**Requirement:** Starting from the line containing "濟南信標自動化設備有限公司主", give again every line through the end of the entries, word for word. Pictures stay out of the copy.

Data records:

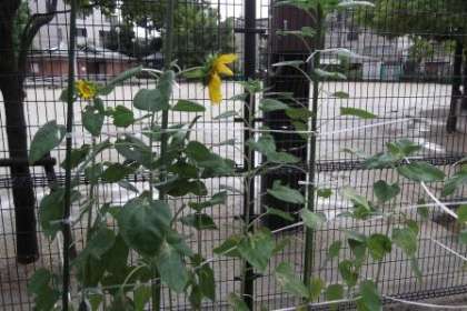 それからポップコーンやひまわりが風で倒されないように支えをしました。互いに支え合って風に耐えてほしいと願っています。今年はポップコーンやサツマイモがとても順調に大きくなっています。ひまわりも次々と蕾をつけ始めています。どうぞ台風の雨・風があまり強くなく無事に通り過ぎていってくれることを願っています。
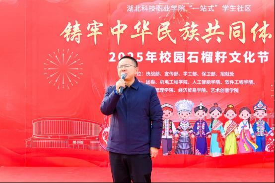 “太震撼了!我还是第一次见到有这么多同学自发排起长队参加一场校园活动,更没想到校领导会走进队伍和我们一起跳舞,是真正的一家人!”近日,湖北科技职业学院“一站式”学生社区“铸牢中华民族共同体意识校园‘石榴籽’文化节”现场,学生方靖的话立即引起了周围同学的共鸣。随着《最炫民族风》的欢快旋律,学校党委副书记何平与身着各民族服饰的同学们手拉手共舞,不远处副校长周得力举着红彤彤的糖葫芦与学子亲切合影,温暖场景点燃全场热情,一场兼具视听盛宴与思政温度的文化盛会就此拉开帷幕。
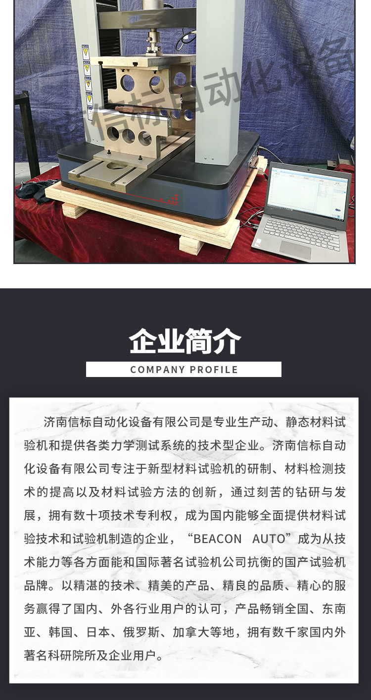 濟南信標自動化設備有限公司主要生產:動靜態(tài)萬能疲勞試驗機,接骨板彎曲試驗機,縫合線拉伸疲勞試驗機,髖膝關節(jié)磨損試驗機,電子萬能試驗機、液壓萬能試驗機、巖石三軸、四軸,電液拉力試驗機,材料試驗機,高低溫蠕變,高低頻疲勞,拉伸、扭轉、杯突等二十多個系列兩千多個的品種。
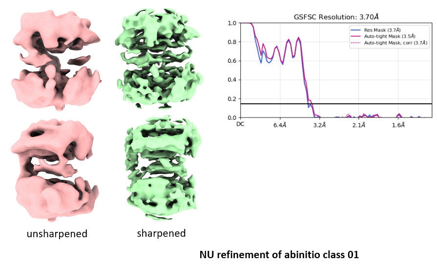 Both the abinitio model were refined independently (after re-extracting with box size 196 px) using NU refinement (default settings except dynamic mask was kept off).
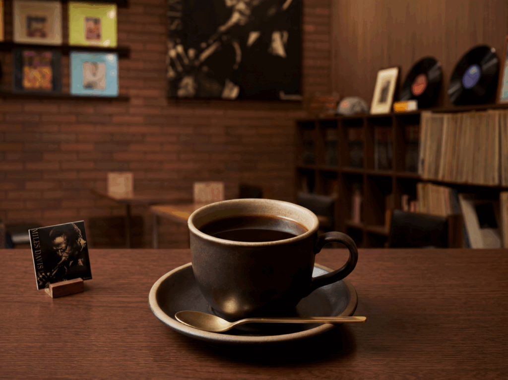 店内には、長い歴史の中で集められたジャズの名盤をはじめ、こだわりのレコード3000枚以上、CD約1000枚、そして、ジャズの情報誌スイングジャーナルが廃刊号まですべてが、置かれています。 ジャズの歴史がつまった空間、淹れたてのコーヒーを楽しみながら、ジャズを楽しんで下さい。

**Exercise solution:**
 濟南信標自動化設備有限公司主要生產:動靜態(tài)萬能疲勞試驗機,接骨板彎曲試驗機,縫合線拉伸疲勞試驗機,髖膝關節(jié)磨損試驗機,電子萬能試驗機、液壓萬能試驗機、巖石三軸、四軸,電液拉力試驗機,材料試驗機,高低溫蠕變,高低頻疲勞,拉伸、扭轉、杯突等二十多個系列兩千多個的品種。
 Both the abinitio model were refined independently (after re-extracting with box size 196 px) using NU refinement (default settings except dynamic mask was kept off).
 店内には、長い歴史の中で集められたジャズの名盤をはじめ、こだわりのレコード3000枚以上、CD約1000枚、そして、ジャズの情報誌スイングジャーナルが廃刊号まですべてが、置かれています。 ジャズの歴史がつまった空間、淹れたてのコーヒーを楽しみながら、ジャズを楽しんで下さい。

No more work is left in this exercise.